-- WHAT IS REQUIRED --
The reply should contain only the lines from the start of the records through the line with "The Squier FSR", reproduced verbatim and without pictures.

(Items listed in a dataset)

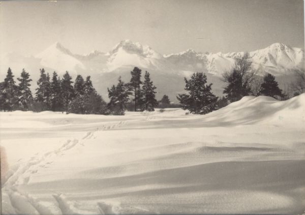 Zimowy widok na Tatry Wysokie od południa: Tępa, Kończysta, Batyżowiecki Szczyt, Gerlach, Starole¶ny Szczyt i Sławkowski Szczyt.
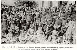 - ↑ Bulgarians (described in encyclopaedia as "Slavs, the bulk of which is regarded by almost all independent sources as Bulgarians"): 1,150,000, whereof, 1,000,000 Orthodox and 150,000 Muslims (the so-called Pomaks); Turks: c. 500,000 (Muslims); Greeks: c. 250,000, whereof c. 240,000 Orthodox and 14,000 Muslims; Albanians: c. 120,000, whereof 10,000 Orthodox and 110,000 Muslims; Vlachs: c. 90,000 Orthodox and 3,000 Muslims; Jews: c. 75,000; Roma: c. 50,000, whereof 35,000 Orthodox and 15,000 Muslims; In total 1,300,000 Christians (almost exclusively Orthodox), 800,000 Muslims, 75,000 Jews, a total population of c. 2,200,000 for the whole of Macedonia.
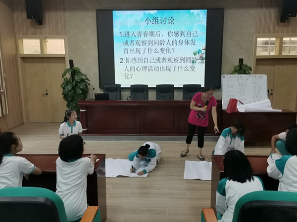 在解釋完什么是青春期這個大問題后,陳老師進行了小組討論,她設(shè)置了兩個問題:1.進入青春期后,你感受到了自己或者觀察到同齡人的身體發(fā)育出現(xiàn)什么變化?2.你感受到自己或者觀察到同齡人的心理活動出現(xiàn)了什么變化?一時間各個小組都沸騰了起來,大家爭相發(fā)言,紛紛就上面兩個問題展開了發(fā)言,有的同學(xué)說感覺自己的個子高了,有的說感到自己的聲音粗狂了等等。
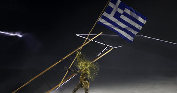 Κατεβαίνοντας από την οροφή του σταδίου ο «χρυσός εξερευνητής», εμπνευσμένος, από πολλές αναφορές από τη γαλλική ιστορική κληρονομιά, ξεκινώντας από την ιδιοφυΐα της Βαστίλης, καθώς και από πλάσματα της επιστημονικής φαντασίας και βιντεοπαιχνίδια. Στην εκεί εξερεύνησή του του παραδόθηκε η ελληνική σημαία υπό το άκουσμα του εθνικού μας ύμνου.
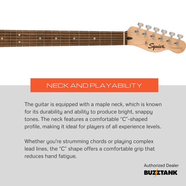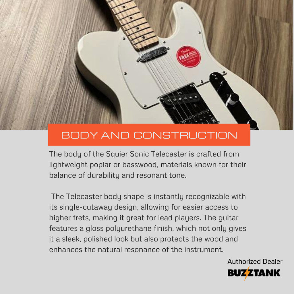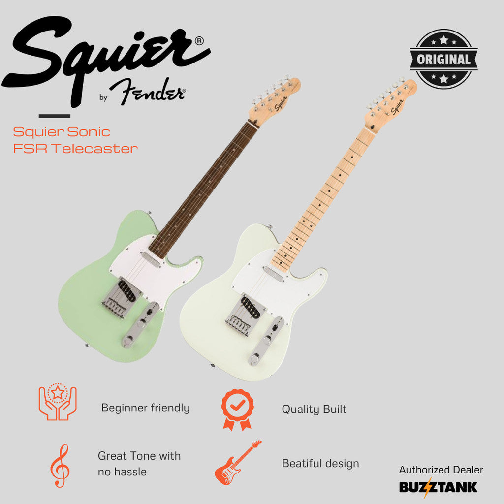 The Squier FSR Sonic Telecaster is a limited-edition electric guitar that blends classic Telecaster tones with modern features and striking aesthetics. As part of the Fender Special Run (FSR) series, this guitar offers exclusive design elements and high-quality performance at an affordable price point.
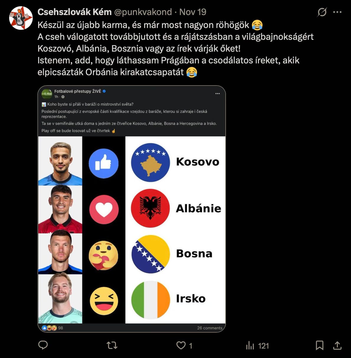 Két nappal ezelőtt fordultam az ég felé és összekulcsolt kezekkel kértem az X-en a magyarok jóistenkéjét, hogy adja meg a közép-európai kozmopolita futballdrukker aktuálisan legnagyobb kívánságát, és hozza el nekem 2026 márciusában Prágába a Budapesten csodát művelő ír nemzeti tizenegyet!

-- EXPECTED OUTPUT --
 Zimowy widok na Tatry Wysokie od południa: Tępa, Kończysta, Batyżowiecki Szczyt, Gerlach, Starole¶ny Szczyt i Sławkowski Szczyt.
 - ↑ Bulgarians (described in encyclopaedia as "Slavs, the bulk of which is regarded by almost all independent sources as Bulgarians"): 1,150,000, whereof, 1,000,000 Orthodox and 150,000 Muslims (the so-called Pomaks); Turks: c. 500,000 (Muslims); Greeks: c. 250,000, whereof c. 240,000 Orthodox and 14,000 Muslims; Albanians: c. 120,000, whereof 10,000 Orthodox and 110,000 Muslims; Vlachs: c. 90,000 Orthodox and 3,000 Muslims; Jews: c. 75,000; Roma: c. 50,000, whereof 35,000 Orthodox and 15,000 Muslims; In total 1,300,000 Christians (almost exclusively Orthodox), 800,000 Muslims, 75,000 Jews, a total population of c. 2,200,000 for the whole of Macedonia.
 在解釋完什么是青春期這個大問題后,陳老師進行了小組討論,她設(shè)置了兩個問題:1.進入青春期后,你感受到了自己或者觀察到同齡人的身體發(fā)育出現(xiàn)什么變化?2.你感受到自己或者觀察到同齡人的心理活動出現(xiàn)了什么變化?一時間各個小組都沸騰了起來,大家爭相發(fā)言,紛紛就上面兩個問題展開了發(fā)言,有的同學(xué)說感覺自己的個子高了,有的說感到自己的聲音粗狂了等等。
 Κατεβαίνοντας από την οροφή του σταδίου ο «χρυσός εξερευνητής», εμπνευσμένος, από πολλές αναφορές από τη γαλλική ιστορική κληρονομιά, ξεκινώντας από την ιδιοφυΐα της Βαστίλης, καθώς και από πλάσματα της επιστημονικής φαντασίας και βιντεοπαιχνίδια. Στην εκεί εξερεύνησή του του παραδόθηκε η ελληνική σημαία υπό το άκουσμα του εθνικού μας ύμνου.
 The Squier FSR Sonic Telecaster is a limited-edition electric guitar that blends classic Telecaster tones with modern features and striking aesthetics. As part of the Fender Special Run (FSR) series, this guitar offers exclusive design elements and high-quality performance at an affordable price point.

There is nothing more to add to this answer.